# my home made turkey flesher



## Illinoisbound (Mar 20, 2012)

big enough for turkeys and easy to clean


----------



## John I. Shore (Mar 20, 2012)

Looks good, have you "test fired" it yet?  Let us know how well it does.

John I.


----------



## shakey gizzard (Mar 20, 2012)

Sweet!


----------



## tedsknives (Mar 20, 2012)

I dont know what im looking at , but it looks GOOD


----------



## Illinoisbound (Mar 20, 2012)

messermacher said:


> Looks good, have you "test fired" it yet?  Let us know how well it does.
> 
> John I.



Thanks
It works like a champ.  I may play around with different wheel brushes.  It has a fine wheel on it now and it works fine.  May try a firm one to do deer faces to see how that works.


----------



## John I. Shore (Mar 20, 2012)

So, you use that to flesh hides? I have never seen one of these, not really shore what you're doing with it.  Doing deer faces?  Tell us more.

John I.


----------



## Anvil Head (Mar 21, 2012)

Doesn't look like a good place for fingers!
I'm with the rest......what's it really do?


----------



## nkbigdog (Mar 21, 2012)

would also like to know!


----------



## Illinoisbound (Mar 21, 2012)

*fleshing turkeys for mounting*

The main purpose is to remove the meat and fat from a turkey skin.  I normally just use a knife for deer but just thought I might try it on deer faces. Not sure how it will do on deer.  The fine wire wheel works really well on turkey skins.

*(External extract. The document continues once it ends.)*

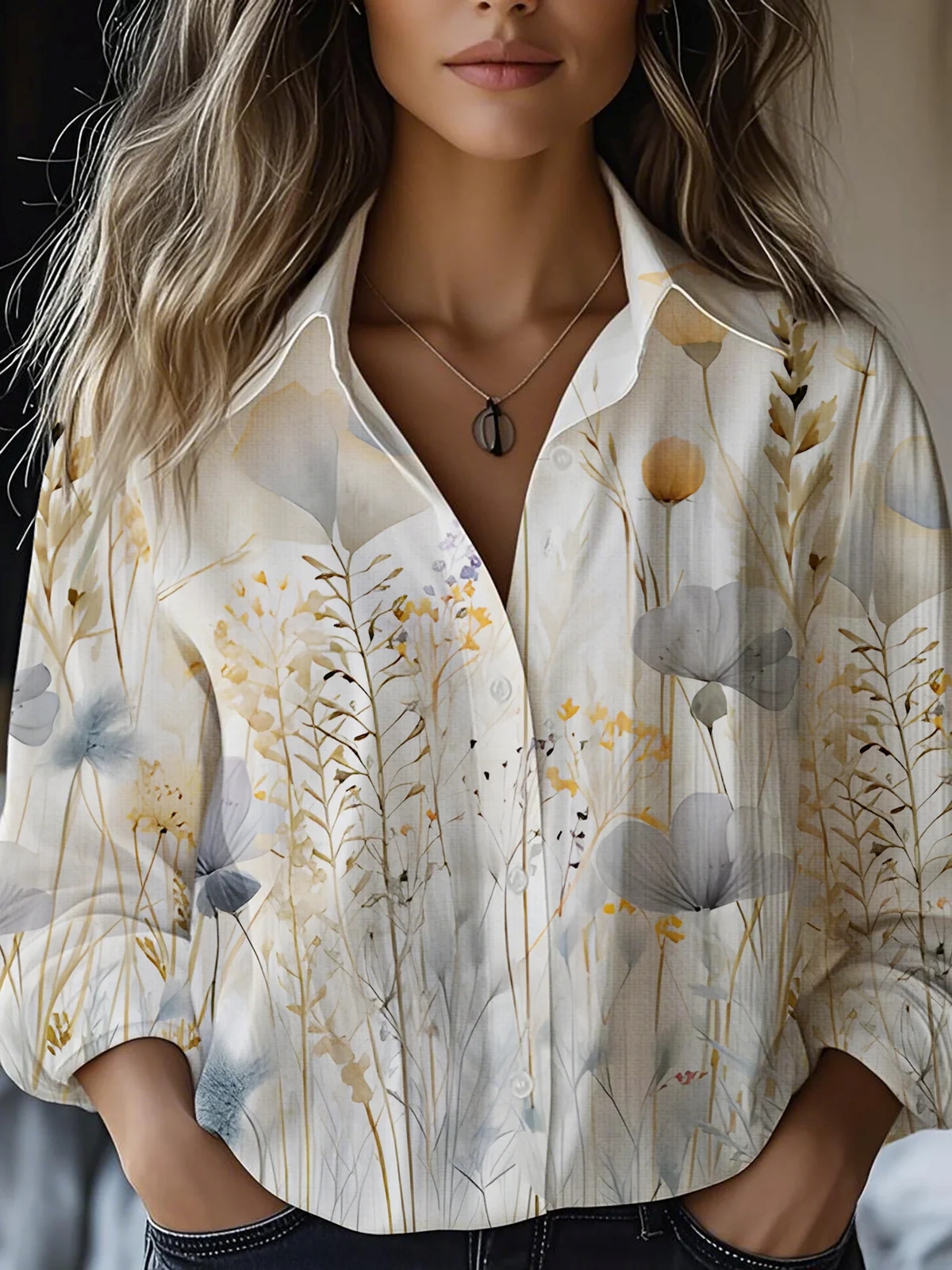 Women's Wildflower Art Print Casual Cotton Shirt

Most bird fleshers are made for ducks and other small birds.  Those are really to small to flesh a turkey so I made this one big enough to be able to move a turkey around well inside while fleshing.  Being made from a round plastic drum it is also to clean.  The clear plexiglass allows light and sight through the top while fleshing. I can also just sit in front to flesh if I choose to.

In short you don't really want to use a knife to flesh a bird only to skin it out.  I hope this sheds a little light on what this is used for.


----------



## Anvil Head (Mar 21, 2012)

Kind of figured, but one never knows. Thanks for splaining.


----------